Russia has accused the West of having "fanned the flames of extremists and terrorist groups" in pursuit of "their own geopolitical designs", while western envoys blamed Moscow for supporting a serial human rights abuser in Damascus and of falsely accusing the West of planning military intervention.

"Annan correctly read that neither side has an interest in any brokered way to end the fighting, that the Council was frozen, and the big powers at loggerheads," said George Lopez, a political scientist at Notre Dame University in the US. "He also sees that the conflict will get more bloody, more chaotic and deteriorate into a hurting stalemate where neither side can win, but can inflict damage on the other, and spread mayhem generally."
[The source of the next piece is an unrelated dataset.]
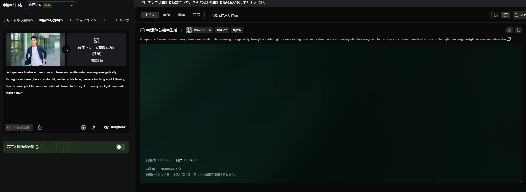 | Image-to-Video | 画像を元に生成 | 特定の人物・背景を使いたい時 |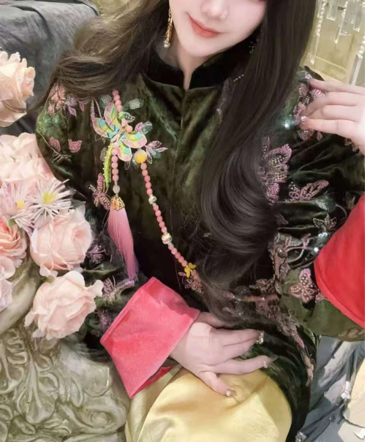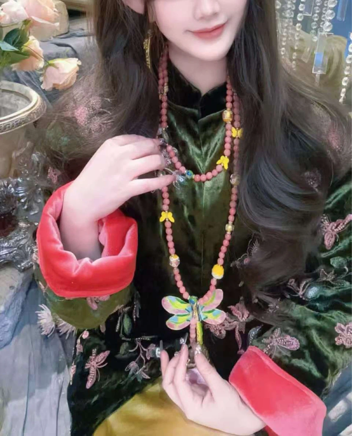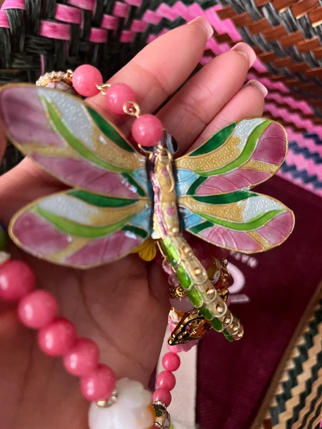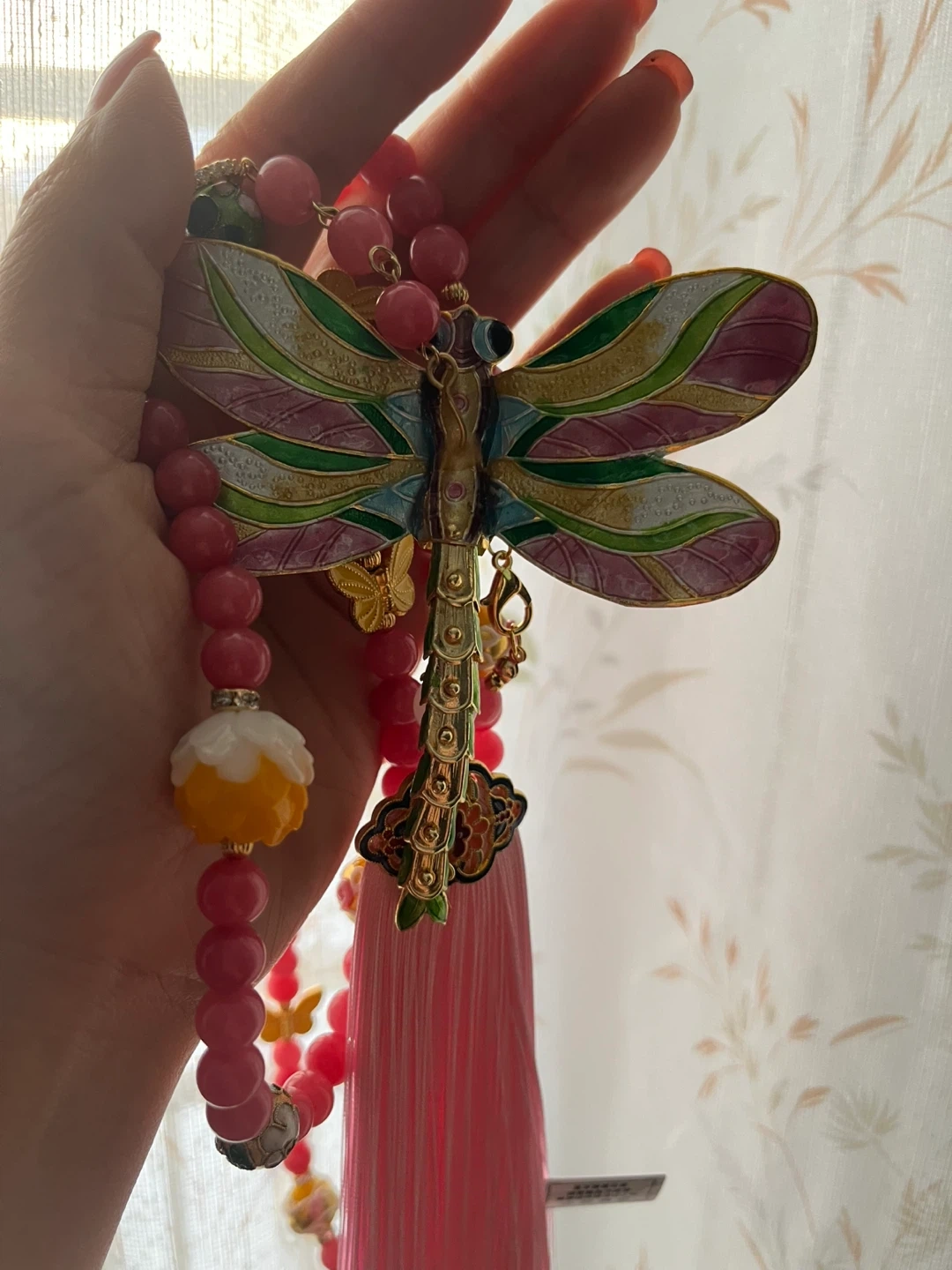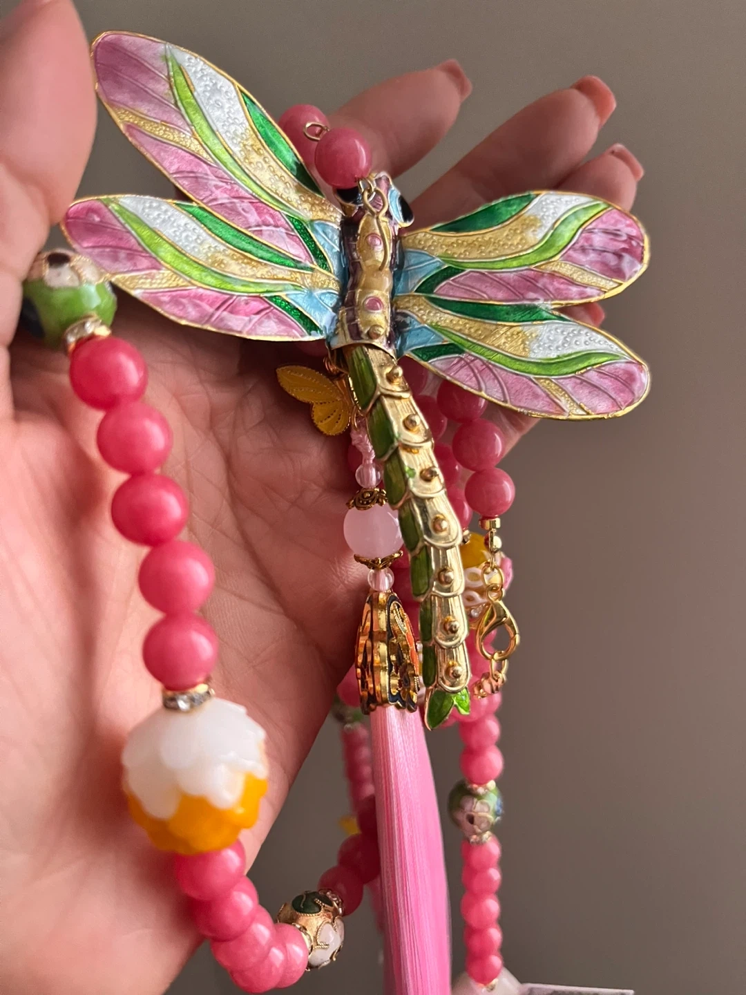 Chinese Intangible Heritage A colourful necklace featuring a detailed dragonfly charm and pink beaded strands. It's accented with smaller butterfly charms and a pink tassel. The beads include pink jade, white floral, and yellow spheres.

Confirming those fears, William Hague, the British Foreign Secretary, acknowledged that diplomacy had failed and told the BBC Britain would be stepping up non-lethal aid to the rebels.

Ray Takeyh, an analyst at the Council on Foreign Relations in New York, said only a prolonged military stalemate leading to exhaustion on both sides might revive diplomacy.

"This is a civil war and somebody will lose and somebody will win," he said. "Perhaps if it goes on longer there will be appetite for a regional or international settlement but not for the moment."

As a mediator intending to bring both sides to the table, Mr Annan took a middle course that brought him condemnation from the opposition and lip service from the government as it fought to contain the uprising. He was burnt in effigy by the rebels and blamed on a regular basis for allowing massacres to take place.

Despite Mr Annan's frustrations, the UN and Arab League are already in the process of finding a replacement. Asked who might want to take on such a job, Mr Annan told reporters: "Let me say that the world is full of crazy people like me, so don't be surprised if someone else decides to take it on, and I am sure secretary general Ban Ki-moon will find somebody who could perhaps even do a better job than I have done."